Then it is clear that you do not understand unit testing.
Perhaps you could explain how you would "unit test" a function
that applies a chaotic formulae to a pair of doubles ?
How do you know if it is the -right- formula? If it is
used as part of an authentication process, how do you know
that there aren't any "back doors" in it that would allow
greatly reduced cost to break in?
There's a simple transform function that has been studied a
fair bit; I don't recall it's proper name. It goes like this:
If the input is even, divide it by 2.
If the input is odd, multiply it by 3 and add 1.
Loop back and repeat using the previous output as input.
As far as I know, it is an open question as to whether every
starting integer will eventually get drawn to the loop
1 -> 4 -> 2 -> 1 . Suppose, though, you had a hypothesis
that there were some values that did not get caught in that
loop, and suppose you further hypothesized that such numbers
would have some particular set of properties. In order to
"unit test" the section that tests the properties, you need
a valid input to feed the section -- but you don't know
yet what the valid inputs *are* because you haven't found
a non-looping number yet. How do you proceed?
In order to unit test without exhaustive search, you have to know some
valid inputs. Not just one either -- you need different inputs
that together cover all branch conditions.
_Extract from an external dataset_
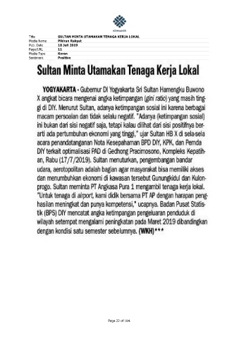 Title SULTAN MINTA UTAMAKAN TENAGA KERJA LOKAL Media Name Pikiran Rakyat Pub. Date 18 Juli 2019 Page/URL 11 Media Type Koran Sentiment Positive Page 22 of 104.

If you test small sections
in isolation without sufficient context, yuu might miss a
combination of conditions that is important, such as "sleeper" code
that only activates under particular combinations of circumstances.
You might have to back-solve a cryptographic puzzle in order to
determine whether or not a particular combination of circumstances
*can* occur.
You are, I would suggest, too closely focused on situations in
which the "right answer" is known and testable. If you are
working on scientific or mathematical problems, then you
don't always know, and the only way to test might be to
execute the code.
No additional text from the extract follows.